Again we say that when we load the program , an address space is given to the process ( that is done by base and limit register and controlled by MMU, I guess) and when the process tries to access a memory location that is not in its address space we get segmentation fault. How is it possible for a process to access a memory that is not in its address space. According to my understanding when some buffer overflows happens then the address gets corrupted. Now when the process wants to access the corrupted location then we get the segmentation fault. Is there any other way of Address violation.
and thirdly why the stack grows downward and heap upwards.Is this process is same with all the OS. How does it affects the performance.why can't we have it in other way?
Please correct me, if I am wrong in any of the statement.
Thanks
Sohrab
When a process is started it gets his own virtual address space. The size of the virtual address space depends on your operating system. In general 32bit processes get 4 GiB (4 giga binary) addresses and 64bit processes get 18 EiB (18 exa binary) addresses.
You cannot in any way access anything that is not mapped into your virtual address space as by definition anything that is not mapped there does not have an address for you. You may try to access areas of your virtual address space that are currently not mapped to anything, in which case you get a segfault exception.
Not all of the address space is mapped to something at any given time. Also not all of it may be mapped at all (how much of it may be mapped depends on the processor and the operating system). On current generation intel processors up to 256 TiB of your address space may be mapped. Note that operating systems can limit that further. For example for 32 bit processes (having up to 4 GiB addresses) Windows by default reserves 2 GiB for the system and 2 GiB for the application (but there's a way to make it 1 GiB for the system and 3 GiB for the application).
How much of the address space is being used and how much is mapped changes while the application runs. Operating system specific tools will let you monitor what the currently allocated memory and virtual address space is for an application that is running.
Code section, data section, BSS etc. are terms that refer to different areas of the executable file created by the linker. In general code is separate from static immutable data which is separate from statically allocated but mutable data. Stack and heap are separate from all of the above. Their size is computed by the compiler and the linker. Note that each binary file has his own sections, so any dynamically linked libraries will be mapped in the address space separately each with it's own sections mapped somewhere. Heap and stack, however, are not part of the binary image, there generally is just one stack per process and one heap.
The size of the stack (at least the initial stack) is generally fixed. Compilers and/or linkers generally have some flags you can use to set the size of the stack that you want at runtime. Stacks generally "grow backward" because that's how the processor stack instructions work. Having stacks grow in one direction and the rest grow in the other makes it easier to organize memory in situations where you want both to be unbounded but do not know how much each can grow.
Heap, in general, refers to anything that is not pre-allocated when the process starts. At the lowest level there are several logical operations that relate to heap management (not all are implemented as I describe here in all operating systems).

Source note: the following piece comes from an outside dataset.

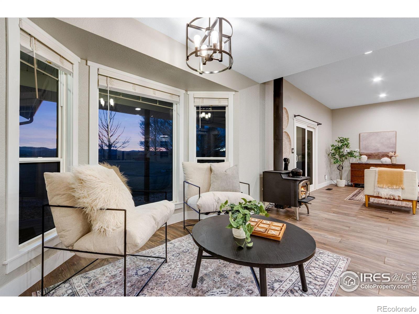 Exceptional, fully updated equestrian estate on 35.669 acres w/ NO HOA, NO METRO TAX & open zoning. Originally built in 1998 & extensively remodeled in 2023, offering privacy, functionality, & panoramic Rocky Mountain views. This rare property features a stocked pond w/ bass, dock, & sitting areas; 4 fenced pastures; 5 loafing sheds; round pen; 240' x 137' lite riding arena; pump shed; 3 storage sheds; & 8 exterior water hydrants, all accessed by a private driveway set back a .5 miles from the county road for privacy. Equestrian amenities are anchored by a 3,888 sq ft barn featuring 6 stalls each w/ private runs, tack room, wash bay, hay storage, a 2,232 sq ft loft, main-level concrete patio, & upper-level observation deck. A 1,545 sq ft detached drive-through RV/boat garage & shop features 220V, added electrical, air compressor, & included shelving, cabinets, & workbench. The park-like setting includes mature landscaping, sprinkler & drip systems, wood-burning fire-pit, horseshoe pits, expansive east-facing patios for sunrise views, & west-facing covered & uncovered patios w/ ceiling fan overlooking nightly Rocky Mountain sunsets. The primary residence showcases a split floor plan, front office, formal dining, white trim, new windows & doors, upgraded lighting, new paint & carpet. The chef's kitchen features a large island, quartz countertops, SS appliances, 6-burner gas range, commercial hood, double ovens, warming drawer & a walk-in pantry. Living spaces include a family room w/ wood-burning fireplace, oversized bedrooms including a private guest en-suite, 2 beds w/ a Jack-and-Jill bath, & a luxurious primary bedroom w/ retreat featuring a 5-pc. bath, & two walk-in closets. Home also features a massive laundry room designed for everyday efficiency & includes a mini refrigerator & ice-maker. For a full list of features, floor plan, or to schedule a showing, please e-mail brokers.

While the address space is fixed, some OSs keep track of which parts of it are currently reclaimed by the process. Even if this is not the case, the process itself needs to keep track of it. So the lowest level operation is to actually decide that a certain region of the address space is going to be used.
The second low level operation is to instruct the OS to map that region to something. This in general can be
some memory that is not swappable
memory that is swappable and mapped to the system swap file
memory that is swappable and mapped to some other file
memory that is swappable and mapped to some other file in read only mode
the same mapping that another virtual address region is mapped to
the same mapping that another virtual address region is mapped to, but in read only mode
the same mapping that another virtual address region is mapped to, but in copy on write mode with the copied data mapped to the default swap file
There may be other combinations I forgot, but those are the main ones.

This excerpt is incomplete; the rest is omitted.